The spectrogram is my most used tool. It helps me find the fundamental frequency of a voice (pitch tracking), see the harmonics that give an instrument its character, and identify problems like background hum (a thin, steady horizontal line).
Sometimes, I don't want to analyze sound; I want to change it. A fundamental operation is filtering. Think of it like the bass and treble knobs on a stereo. A low-pass filter lets low frequencies through but muffles the highs. A high-pass filter does the opposite. An equalizer is just a collection of filters.
Let's say I have a recording with an annoying, constant 60 Hz electrical hum (from AC power). I can build a filter to remove it. A common and effective design is a band-stop or notch filter.
from scipy import signal
def apply_notch_filter(audio, sr, notch_freq=60.0, quality_factor=30.0):
"""
Applies a notch filter to remove a specific frequency and its harmonics.
"""
# Design the notch filter
b, a = signal.iirnotch(notch_freq, quality_factor, sr)
# Apply the filter
filtered_audio = signal.filtfilt(b, a, audio) # filtfilt avoids phase distortion
# Let's also check the harmonics
for harmonic in [2*notch_freq, 3*notch_freq]:
if harmonic < sr/2: # Nyquist limit
b_h, a_h = signal.iirnotch(harmonic, quality_factor, sr)

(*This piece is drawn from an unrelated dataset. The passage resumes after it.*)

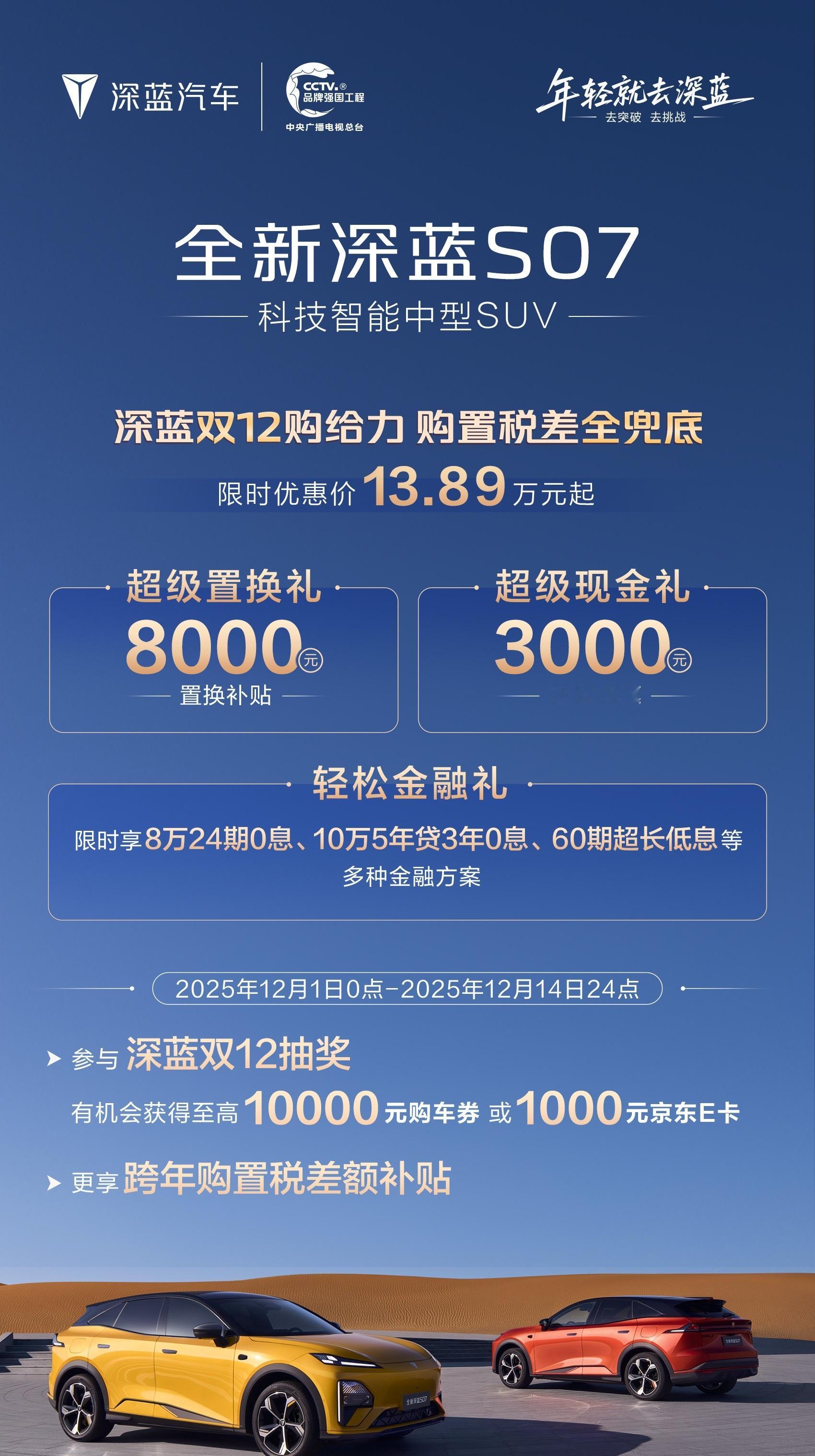 即日起至12月31日,锁单深蓝全系车型,并在2026年2月14日前完成提车,就能享受跨年购置税补贴!哪怕因为跨年交付导致购置税有变化,也不用担心差额——深蓝给你现金补上,放心过好年,轻松开新年深蓝汽车发布购置税补贴方案

filtered_audio = signal.filtfilt(b_h, a_h, filtered_audio)
return filtered_audio
# Let's create a synthetic signal with hum to test it
t = np.linspace(0, 5.0, int(5.0 * sr_librosa))
clean_signal = 0.3 * np.sin(2 * np.pi * 440 * t) # A 440 Hz tone
hum_noise = 0.2 * np.sin(2 * np.pi * 60 * t) # A 60 Hz hum
noisy_signal = clean_signal + hum_noise
filtered_signal = apply_notch_filter(noisy_signal, sr_librosa, notch_freq=60.0)
# Plot the results
fig, (ax1, ax2) = plt.subplots(2, 1, figsize=(12, 8))
ax1.plot(t[:2000], noisy_signal[:2000], 'b-', alpha=0.7, label='Noisy Signal (with 60 Hz hum)')
ax1.plot(t[:2000], clean_signal[:2000], 'r--', linewidth=2, label='Clean Signal (440 Hz tone)')
ax1.set_xlabel('Time (s)')
ax1.set_ylabel('Amplitude')
ax1.set_title('Time Domain: Before and After Filtering (Zoomed In)')
ax1.legend()
ax1.grid(True, alpha=0.3)
# Plot the frequency content before and after
freqs_before, psd_before = signal.welch(noisy_signal, sr_librosa, nperseg=1024)
freqs_after, psd_after = signal.welch(filtered_signal, sr_librosa, nperseg=1024)
ax2.semilogy(freqs_before, psd_before, 'b-', alpha=0.6, label='Before Filtering')
ax2.semilogy(freqs_after, psd_after, 'r-', label='After 60 Hz Notch Filter')
ax2.axvline(x=60, color='k', linestyle=':', label='Notch at 60 Hz')
ax2.axvline(x=440, color='g', linestyle=':', label='Desired tone at 440 Hz')
ax2.set_xlabel('Frequency (Hz)')
ax2.set_ylabel('Power Spectral Density')
ax2.set_title('Frequency Domain: Effect of Notch Filter')
ax2.set_xlim([0, 1000])
ax2.legend()
ax2.grid(True, alpha=0.3)
plt.tight_layout()
plt.show()
When you run this, you'll see in the frequency plot that the spike at 60 Hz is almost gone, while the spike at our desired 440 Hz tone remains strong. Filtering is powerful for cleaning up audio.
Now let's talk about something fascinating: breaking sound apart. One advanced technique is source separation. The classic example is the "cocktail party problem"—how do you focus on one person's voice in a noisy room? A popular library for this in Python is librosa, which has implementations of research algorithms.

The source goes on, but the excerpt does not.